In their hotel room, Ben angrily blames Sarah for disrupting his life. She accuses him of being afraid to live honestly. They begin to kiss, but Ben stops himself and they leave to collect the money his parents have wired him, only to discover the bank is on fire. Ben and Sarah both laugh hysterically, wondering what else could go wrong, and begin kissing again. Back at the hotel the retirees, who have discovered their lie, confront them, so they flee.

Sarah recalls seeing a cheap car for sale in town, so offers to striptease in a local bar to raise the money for it. The bartender, however, asks Ben to dance instead, as it's a gay bar. He is nervous at first, but soon gets into the dance and earns enough to buy the car.

On the road to Savannah, Ben tells Sarah he's prepared to cancel the wedding, but she says it would be rash after only knowing each other a short time. A hurricane approaches Savannah, and the harsh weather forces them to abandon the convertible and run the rest of the way to the wedding. When Ben finds Bridget, he realizes he does love her and wants to spend his life with her. Sarah witnesses their reunion and leaves quietly.

Ben and Bridget go on their honeymoon and get married in Hawaii. Sarah visits her son and reconciles with him. Ben states in a voiceover that he hopes that wherever Sarah is that she has found happiness.

==Production==
Filming took place over three days at South of the Border, a tourist attraction near Dillon, South Carolina, and in Savannah, Georgia. The Joseph Johnson House, a private home on Craven Street in Beaufort, South Carolina known as "The Castle", was used as the Cahill house.
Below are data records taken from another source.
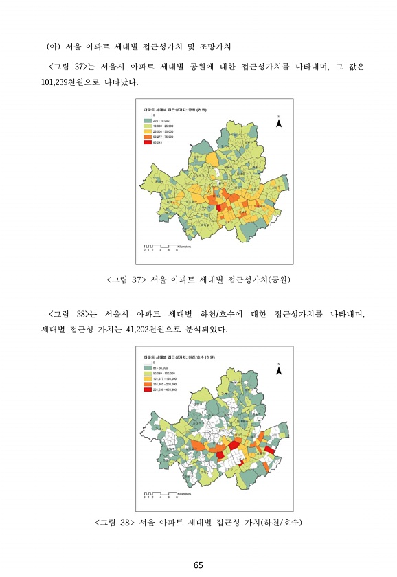 65 아 서울 아파트 세대별 접근성가치 및 조망가치 그림 37 는 서울시 아파트 세대별 공원에 대한 접근성가치를 나타내며, 그 값은 101,239천원으로 나타났다. 그림 37 서울 아파트 세대별 접근성가치 공원 그림 38 는 서울시 아파트 세대별 하천/호수에 대한 접근성가치를 나타내며, 세대별 접근성 가치는 41,202천원으로 분석되었다. 그림 38 서울 아파트 세대별 접근성 가치 하천/호수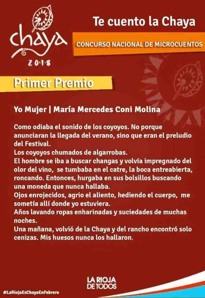 Yo mujer es el texto que obtuvo el Primer Premio del Concurso de Microcuentos "Te cuento la Chaya". Su autora es Maria Mercedes Cony Molina se refirió a su narración y dio a conocer su posición respecto a las críticas y polémicas surgidas en las redes sociales al respecto..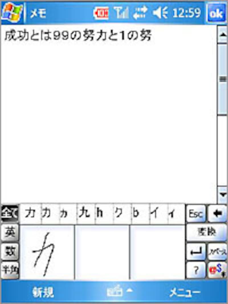 手書き入力は、中央の3つの入力パネルに直接スタイラスを使って文字を書き込んで入力します。入力した文字は、順次認識されて、上段に読み取った文字の変換候補が表示されますので、正しい文字を選んで確定します。左の[英][数][半角]キーを選択して絞り込むことで、変換効率をアップさせることができます。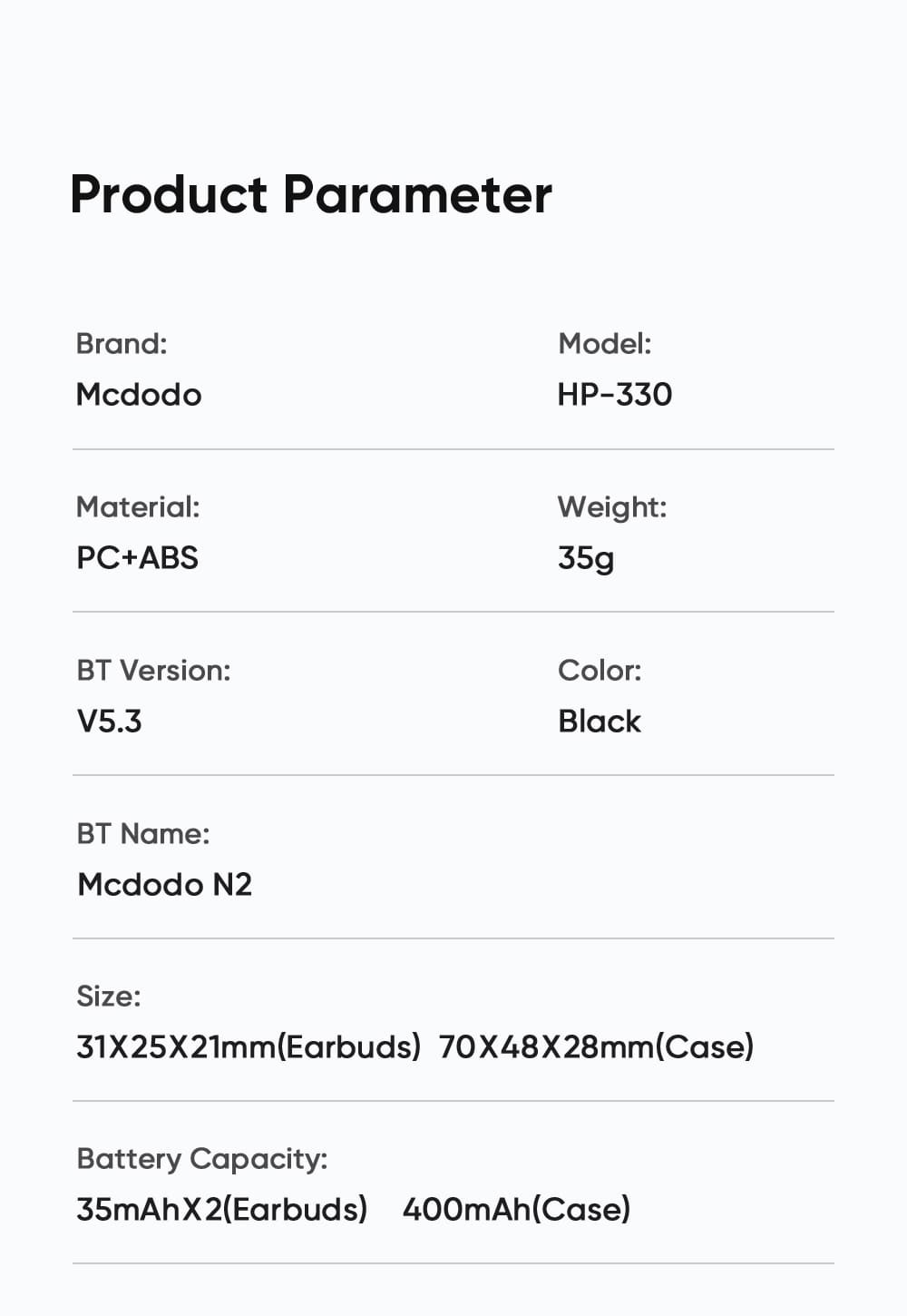 | Tên | Tai Nghe bluetooth Mcdodo N2 Series ANC+ENC in-ear digital display TWS ears |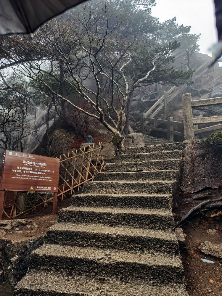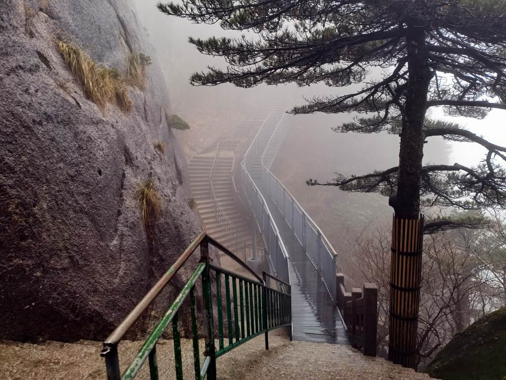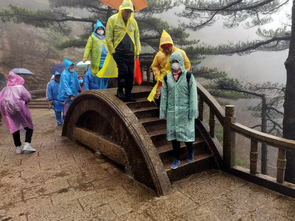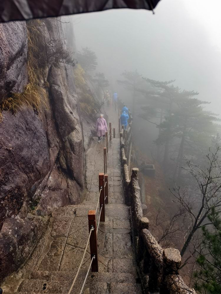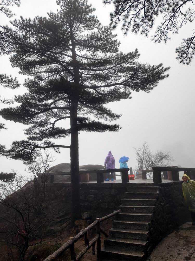 3月雨中的黄山,很冷。导游征得大家同意后,决定提前下山。

The Main Terminal at Dulles International Airport is used to film scenes as a fictionalized New York City airport.

==Release==
===Home media===
Forces of Nature was released on DVD, VHS, and LaserDisc on September 14, 1999.

==Reception==
===Box office===
Forces of Nature collected $13.5 million during its opening weekend, ranking in first place at the box office above True Crime and Analyze This. In its second weekend, it would then earn $9.4 million, beating out newcomers EDtv, The Mod Squad and Doug's 1st Movie. The film was overtaken by The Matrix in its third weekend after spending two weeks at the number one spot.

===Critical response===
On Rotten Tomatoes, the film has an approval rating of 46% based on 67 reviews, with an average rating of 5.3/10. The website's critics consensus reads, "A distinct lack of chemistry between Ben Affleck and Sandra Bullock, coupled with a screwball sensibility that's a touch too screwy, scupper Forces of Natures modest ambition to serve up romantic charm." On Metacritic, the film has a weighted average score of 46 out of 100, based on 26 critics, indicating "mixed or average" reviews. Audiences surveyed by CinemaScore gave the film an average grade of "B−" on scale of A+ to F.